There’s no evidence in the police record that indicates the Thompson family was contacted by police nor that the Thompson family had reported Teala missing.

Perhaps Shirley really did turn down a chance to identify the body. She’s dead now so we can’t ask her. It would explain why she told Mary that Teala had been murdered in Greensburg (which is, I believe, where the landfill was). It’s also entirely on the cards that the police either wouldn’t take a missing persons report for a teen girl — a child of that age would have been written off as a runaway, and probably the fact that she was non-white wouldn’t have helped matters — or that they did take a report but the records were lost later on.

In any case, I’m afraid there may be no more answers to be found. Whoever killed Teala could be dead now, and even if he/she isn’t, building a case after all this time is well nigh impossible.

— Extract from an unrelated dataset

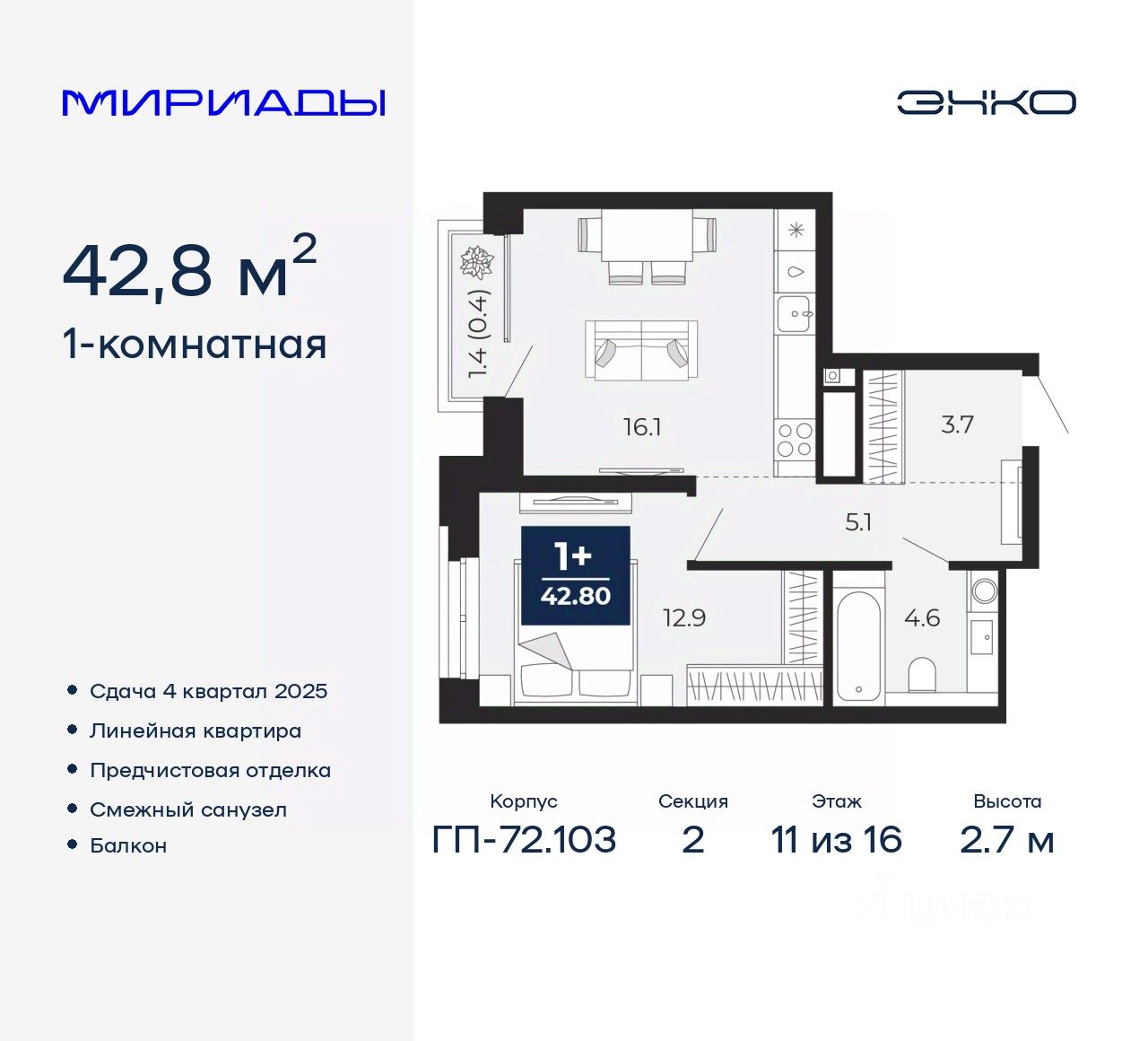 1-комн. квартира от застройщика с предчистовой отделкой в ЖК "Мириады" на 11 этаже. Общая площадь: 42.8 кв.м., жилая: 12.9 кв.м., площадь просторной кухни-столовой: 16.1 кв.м. Все окна выходят на одну сторону. В квартире один балкон, один совмещенный санузел. Высота потолков 2.7 м.

“I can’t say I remember much about what happened,” her sister Mary says. She was four when Teala disappeared. She adds: “What I remember was that Teala was beautiful and she was loved.”

Other articles

ET: Con O’Leary

Another Executed Today post: Irish fratricide Cornelius “Con” O’Leary. He was convicted of the murder of his brother Patrick and hanged in 1925. It was a pretty brutal crime — the victim brutally attacked, probably as he slept, then dismembered.

All of the family members who still lived at home were charged with murder: Con, the family’s elderly mother and two sisters, Maryanne and Hannah. If there were witnesses to the crime, they never talked; all the evidence was circumstantial. I’m sure Con was guilty. As for the others, I think they may well have guilty knowledge, but I’m not at all convinced they were directly involved in Patrick’s murder.

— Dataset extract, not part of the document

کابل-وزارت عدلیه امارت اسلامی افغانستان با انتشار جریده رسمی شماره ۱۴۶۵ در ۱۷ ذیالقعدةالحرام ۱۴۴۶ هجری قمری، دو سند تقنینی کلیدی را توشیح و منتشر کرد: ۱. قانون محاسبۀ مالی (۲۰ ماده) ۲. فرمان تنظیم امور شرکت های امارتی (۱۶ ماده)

The mother (I don’t remember her name) was released without being tried due to ill health. Maryanne, who was probably not involved, died of cancer while awaiting trial. Hannah was convicted — unjustly, I believe. I don’t know whether she was guilty or not, but the case against her was very weak and the judge, I think, biased. She served 17 years in prison before being released.

A clarification

On the Charley Project’s Facebook page they recently asked me to upload a photo, so I did. It’s the photo that’s on the left side of the Charley Project’s banner. After I did so, some people said they had no idea who was in that picture and had always wondered. Well, just to clear things up:

The photo is of Charley Ross, the long-lost little boy whom the Charley Project was named after. (See Wikipedia for his story.) It’s the only photograph ever taken of him, and he was two years old at the time; he was four when he disappeared. After his abduction, his family had an artist draw another picture of him as he appeared at age four. It was probably the first age-progression picture ever done of a missing person. The AP photo is on the right side of the Charley Project banner.

ET yesterday

Yesterday I got another ET entry in, #196: Modiste Villebrun, the last person executed in Canada while it was still a colony. Villebrun lived in Quebec and he and his girlfriend, Sophie Boisclair, poisoned his wife and her husband so they could marry each other. They got away with the first murder but they were caught the second time. My guess is the lovers weren’t being terribly discreet about their affair.

Sophie Boisclair’s sentence was commuted to life in prison because she was pregnant. She was released after serving 20 years.

And that’s the last of my Executed Today entries for this month.